• To do
Return all lines from the listing below in which "with" appears.

___ Excerpted data

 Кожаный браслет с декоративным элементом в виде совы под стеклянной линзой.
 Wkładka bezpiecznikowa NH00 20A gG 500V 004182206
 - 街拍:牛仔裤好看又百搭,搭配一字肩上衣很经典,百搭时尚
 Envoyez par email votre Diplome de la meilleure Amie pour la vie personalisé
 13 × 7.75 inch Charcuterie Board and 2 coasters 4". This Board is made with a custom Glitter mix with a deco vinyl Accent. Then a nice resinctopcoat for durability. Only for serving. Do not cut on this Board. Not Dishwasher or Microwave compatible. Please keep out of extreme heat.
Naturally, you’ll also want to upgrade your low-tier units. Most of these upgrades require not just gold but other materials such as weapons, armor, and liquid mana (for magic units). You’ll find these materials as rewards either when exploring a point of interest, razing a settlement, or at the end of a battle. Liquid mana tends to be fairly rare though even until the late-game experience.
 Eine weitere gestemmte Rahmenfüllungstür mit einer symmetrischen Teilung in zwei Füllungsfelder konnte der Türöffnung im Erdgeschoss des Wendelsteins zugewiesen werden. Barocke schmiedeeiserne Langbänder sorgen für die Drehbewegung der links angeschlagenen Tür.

______
___ Excerpted data

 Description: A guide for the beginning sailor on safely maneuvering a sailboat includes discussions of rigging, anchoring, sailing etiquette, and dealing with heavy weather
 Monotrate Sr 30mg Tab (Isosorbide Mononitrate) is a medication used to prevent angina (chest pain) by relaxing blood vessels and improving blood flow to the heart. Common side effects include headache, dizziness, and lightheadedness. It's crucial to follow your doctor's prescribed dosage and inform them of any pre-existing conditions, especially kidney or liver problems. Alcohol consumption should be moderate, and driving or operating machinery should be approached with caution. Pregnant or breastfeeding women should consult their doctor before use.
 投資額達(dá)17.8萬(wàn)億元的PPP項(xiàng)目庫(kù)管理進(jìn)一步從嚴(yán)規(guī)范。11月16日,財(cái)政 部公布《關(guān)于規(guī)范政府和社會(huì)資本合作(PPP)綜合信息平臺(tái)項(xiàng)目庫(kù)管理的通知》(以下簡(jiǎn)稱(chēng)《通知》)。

______

• Completed exercise
 13 × 7.75 inch Charcuterie Board and 2 coasters 4". This Board is made with a custom Glitter mix with a deco vinyl Accent. Then a nice resinctopcoat for durability. Only for serving. Do not cut on this Board. Not Dishwasher or Microwave compatible. Please keep out of extreme heat.
 Description: A guide for the beginning sailor on safely maneuvering a sailboat includes discussions of rigging, anchoring, sailing etiquette, and dealing with heavy weather
 Monotrate Sr 30mg Tab (Isosorbide Mononitrate) is a medication used to prevent angina (chest pain) by relaxing blood vessels and improving blood flow to the heart. Common side effects include headache, dizziness, and lightheadedness. It's crucial to follow your doctor's prescribed dosage and inform them of any pre-existing conditions, especially kidney or liver problems. Alcohol consumption should be moderate, and driving or operating machinery should be approached with caution. Pregnant or breastfeeding women should consult their doctor before use.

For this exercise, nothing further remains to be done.